USEDs have rapidly changed the clinical scenario of noninvasive evaluation of liver damage because they are broadly diffused, the examination is inexpensive and rapid, and USEDs provide a digital numeric output independent of the operator that is risk free and repeatable without limits.

Over the past 20 years, several successive USEDs have been produced: one-dimensional (1D) and two-dimensional (2D) elastometry. The most widespread and evaluated pioneering technologies are 1D elastometers, in particular FibroScan by Echosens and point shear-wave elastometry (pSWE), developed by Siemens and called Virtual-Touch-quantitative.^6,8 In contrast to FibroScan, pSWE is a simple software; it can run on a traditional sonographic platform and offers the opportunity to choose with precision the sampling depth in a mesoscopic region of interest (ROI) measuring 1 × 0.5 cm that is moveable ad libitum until 8 cm.^5,8 pSWE software for each position of the ROI chosen, showing the distance from the transducer in millimetres, allows the operator to precisely control the depth variable. Guidelines adopted by several countries state that pSWE or FibroScan is sufficient for staging viral hepatitis and regulating access to new antiviral therapies.^2,6

However, despite these favourable characteristics, SWV measurements are affected by some bias and technical limitations that hamper reproducibility. ⁹

Due to these unclarified sources of errors, it is possible to observe an overlap in liver stiffness measurements, mostly between adjacent intermediate stages of hepatic fibrosis. One of the most critical causes of bias is the distance between the ultrasound probe and the site of sampling, called the depth-related bias (DPB).^9,10

DPB regarding USED diagnostic performance has been explored in homogeneous phantoms or in healthy subjects, but there has been a lack of an adequate number of translational studies of the detrimental effect of DPB on SWV diagnostic performance in the real world of subjects affected by CLD.

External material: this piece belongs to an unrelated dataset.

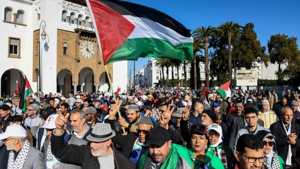 وسار أكثر من عشرة آلاف متظاهر في شارع محمد الخامس في وسط العاصمة تحت شعار “أوقفوا حرب الإبادة على غزة.. أوقفوا تطبيع الدولة المغربية مع الكيان الصهيوني”، بدعوة من الجبهة المغربية لدعم فلسطين ومناهضة التطبيع، المكونة من أحزاب يسارية وجماعة العدل والإحسان الإسلامية المعارضة.
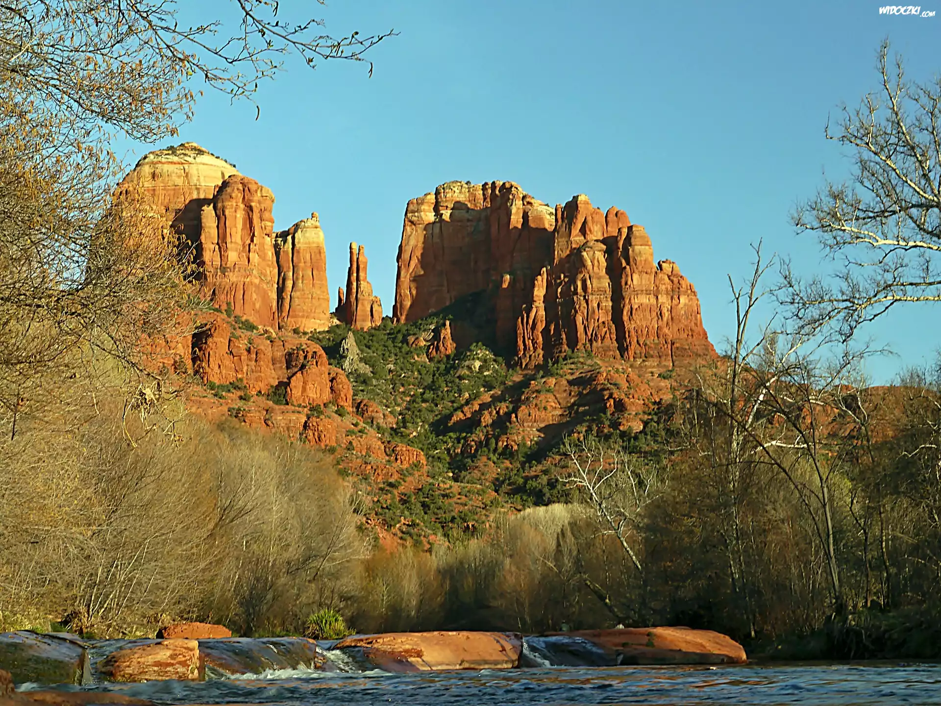 Zdjęcia, Skały, Drzewa, Zarośla, Rzeka, Sedona, Arizona

The European Federation Societies of Ultrasound in Medicine and Biology (EFSUMB) Guidelines and Recommendations on the Clinical Use of Liver Ultrasound Elastography recommend optimal measurement quality of pSWE with the ROI placed a minimum of 1–2 cm and a maximum of 6 cm beneath the liver capsule. ⁶ Instead, Ferraioli et al. ¹¹ in 2018 updated the World Federation For Ultrasound In Medicine and Biology (WFSUMB) guidelines and recommendations to recommend the optimal location of ROIs at 4 or 4.5 cm from the transducer. It is also not clear how much the force of gravity (FG) interferes with DPB since it is not ascertained but is not excluded by phantom tests. ¹⁰

To resolve this issue, this study aimed to evaluate the diagnostic performances of different progressive depth pSWE sampling in patients with chronic hepatitis C in comparison with LSN. We also explored whether orthogonal scan plane with respect to the ultrasound table plane, that is, FG, could influence the diagnostic performance.

Methods

Study population

One hundred four consecutive outpatients affected by HCV-related CLD followed in two liver centres (Gastroenterology Unit of General Hospital and Infectious Diseases University Department) were enrolled. The mean age was 62.5 years old, 58 patients were men, and 68 patients had a diagnosis of cirrhosis (65.4%) (Table 1). Data from the patients were inserted into the regional network Rete Sicilia Selezione Terapia HCV (RESIST), which is acknowledged by the Regional Health Authority for registering all patients with chronic HCV infections assessed for direct-acting antiviral agent treatment.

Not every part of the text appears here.